*** INFORMATION PROVIDED

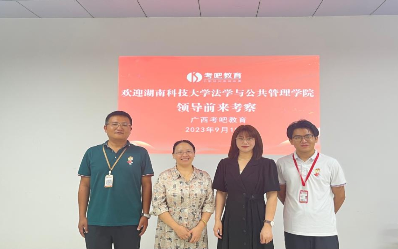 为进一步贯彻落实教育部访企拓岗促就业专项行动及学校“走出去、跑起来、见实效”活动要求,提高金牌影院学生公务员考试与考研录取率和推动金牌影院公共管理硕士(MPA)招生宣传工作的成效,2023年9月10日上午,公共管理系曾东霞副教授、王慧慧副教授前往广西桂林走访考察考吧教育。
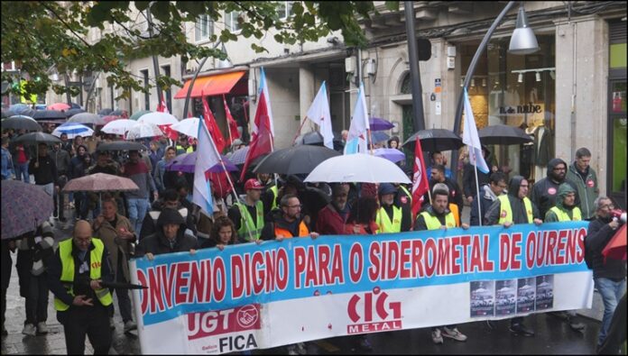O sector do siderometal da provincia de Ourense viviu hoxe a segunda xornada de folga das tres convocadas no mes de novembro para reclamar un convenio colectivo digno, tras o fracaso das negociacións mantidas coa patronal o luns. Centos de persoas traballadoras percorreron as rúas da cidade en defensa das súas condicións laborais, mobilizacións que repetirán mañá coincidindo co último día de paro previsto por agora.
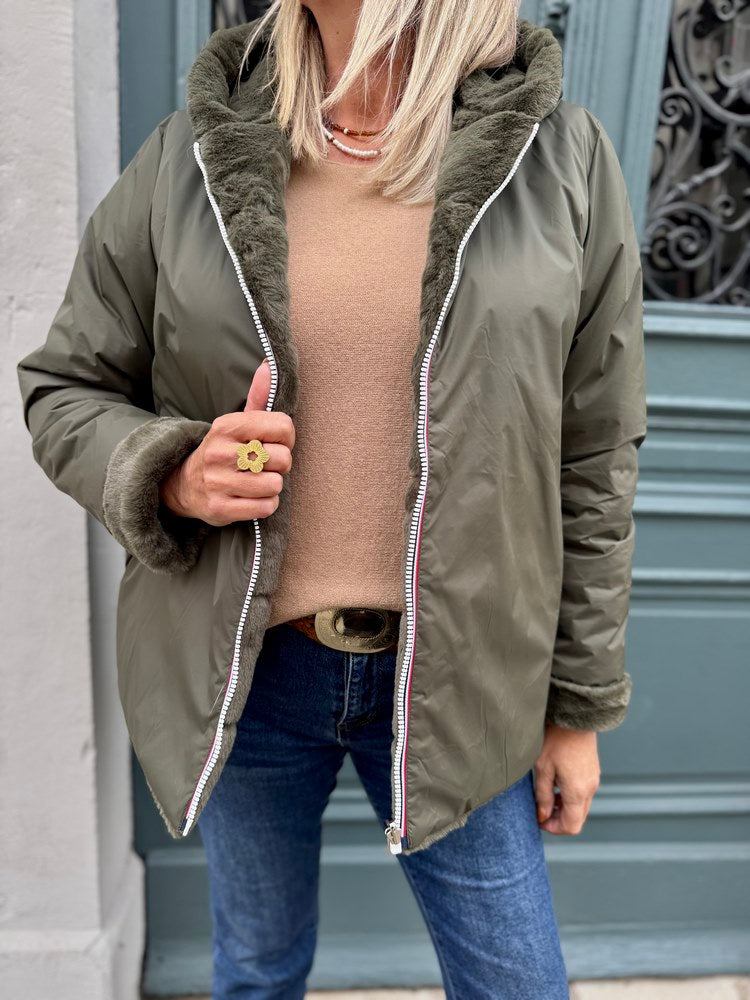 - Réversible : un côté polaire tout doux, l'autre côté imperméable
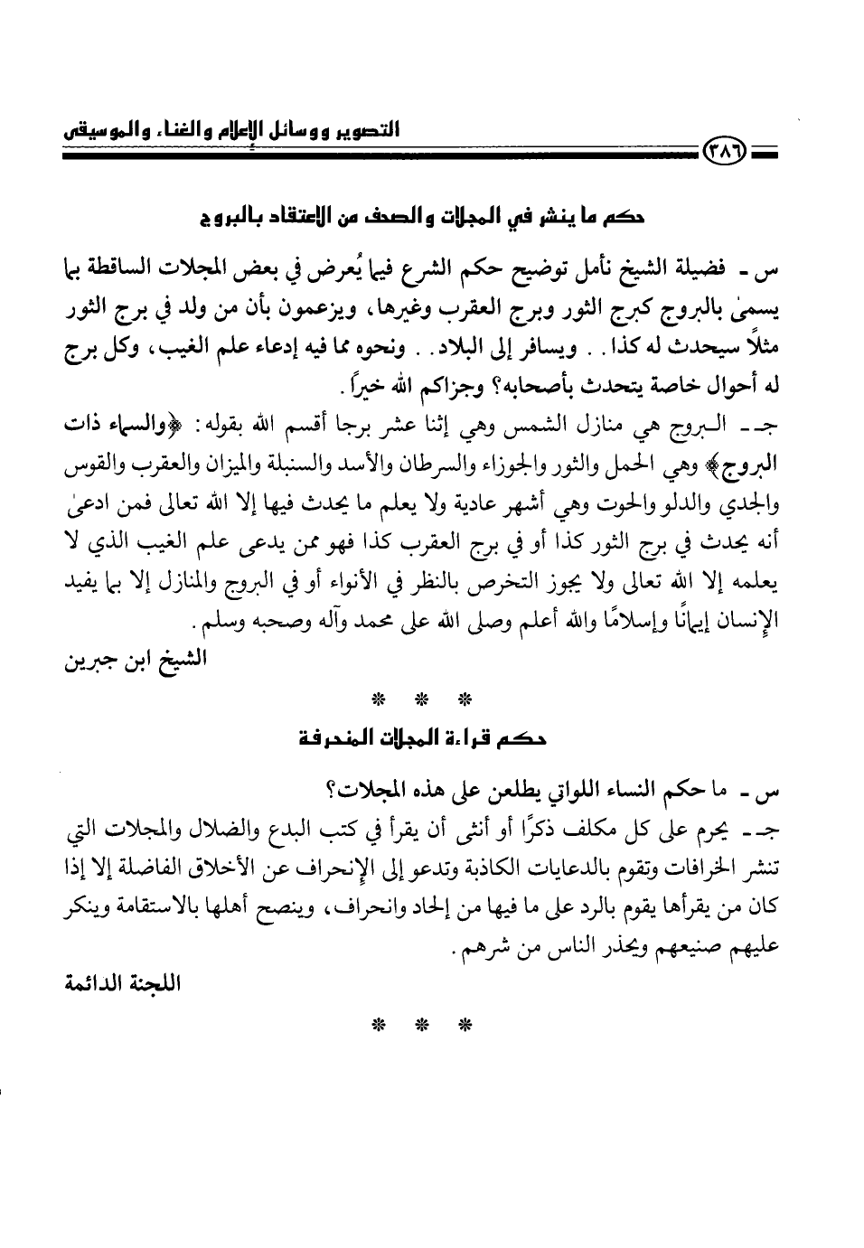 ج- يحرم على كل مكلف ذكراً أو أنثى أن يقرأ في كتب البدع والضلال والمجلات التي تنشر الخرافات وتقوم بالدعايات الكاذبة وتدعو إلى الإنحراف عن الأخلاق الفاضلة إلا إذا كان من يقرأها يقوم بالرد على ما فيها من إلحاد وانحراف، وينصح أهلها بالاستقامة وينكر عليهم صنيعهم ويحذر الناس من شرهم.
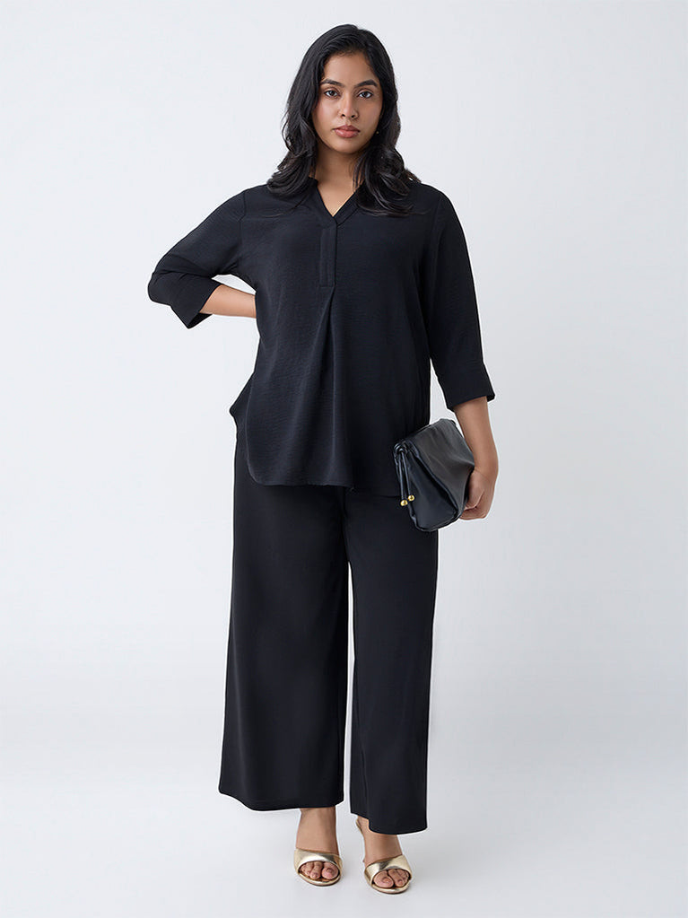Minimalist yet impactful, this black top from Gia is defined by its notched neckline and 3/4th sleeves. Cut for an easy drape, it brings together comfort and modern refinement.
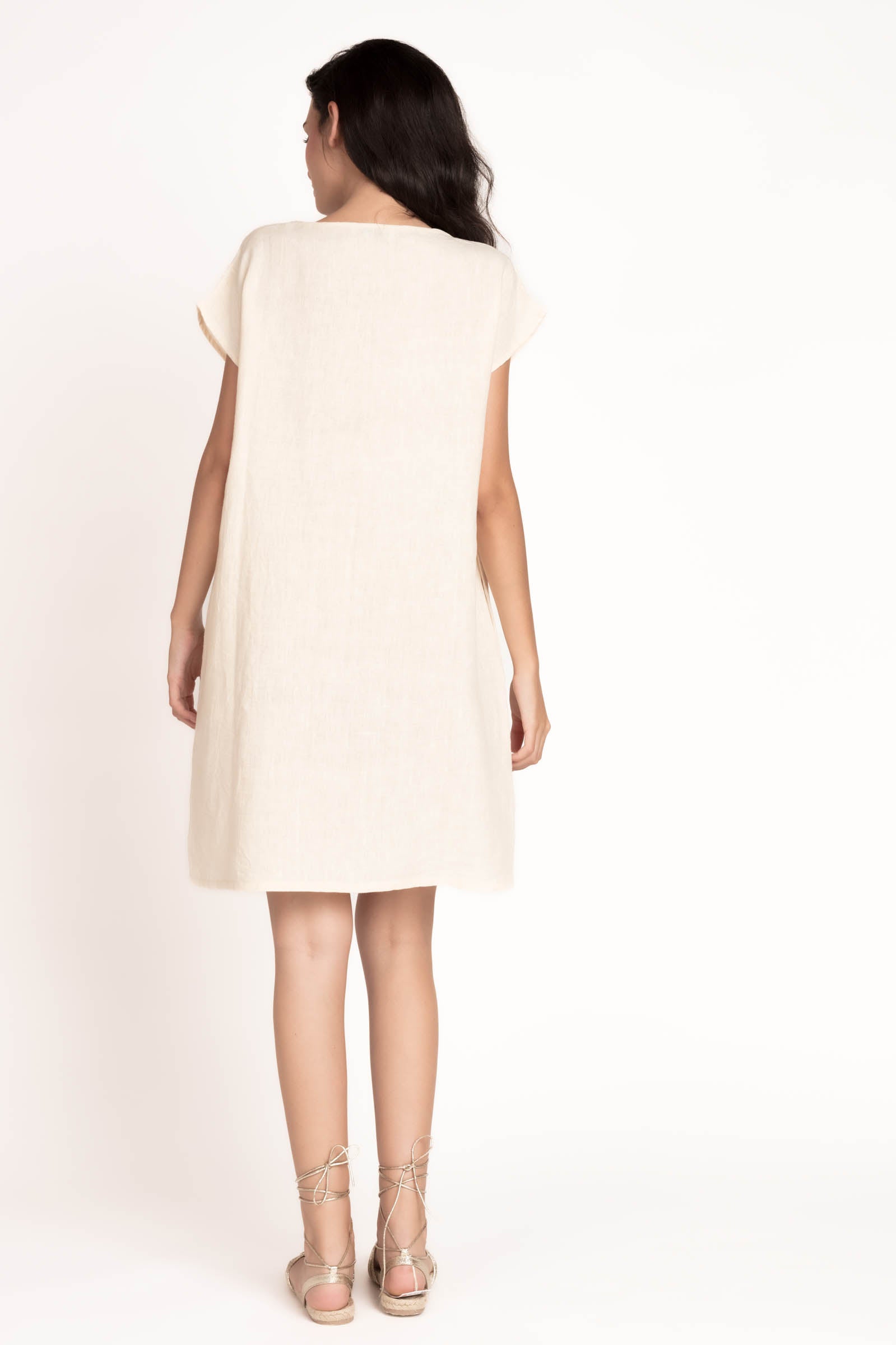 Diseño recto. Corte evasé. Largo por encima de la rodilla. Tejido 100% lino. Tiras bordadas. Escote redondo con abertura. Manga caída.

******

[WORK INSTRUCTIONS]:
Find the line with "O sector do" in the data above, and from there retype each line exactly through the line with "- Réversible : un", skipping the pictures along the way.

[SOLUTION TO THIS EXERCISE]:
O sector do siderometal da provincia de Ourense viviu hoxe a segunda xornada de folga das tres convocadas no mes de novembro para reclamar un convenio colectivo digno, tras o fracaso das negociacións mantidas coa patronal o luns. Centos de persoas traballadoras percorreron as rúas da cidade en defensa das súas condicións laborais, mobilizacións que repetirán mañá coincidindo co último día de paro previsto por agora.
 - Réversible : un côté polaire tout doux, l'autre côté imperméable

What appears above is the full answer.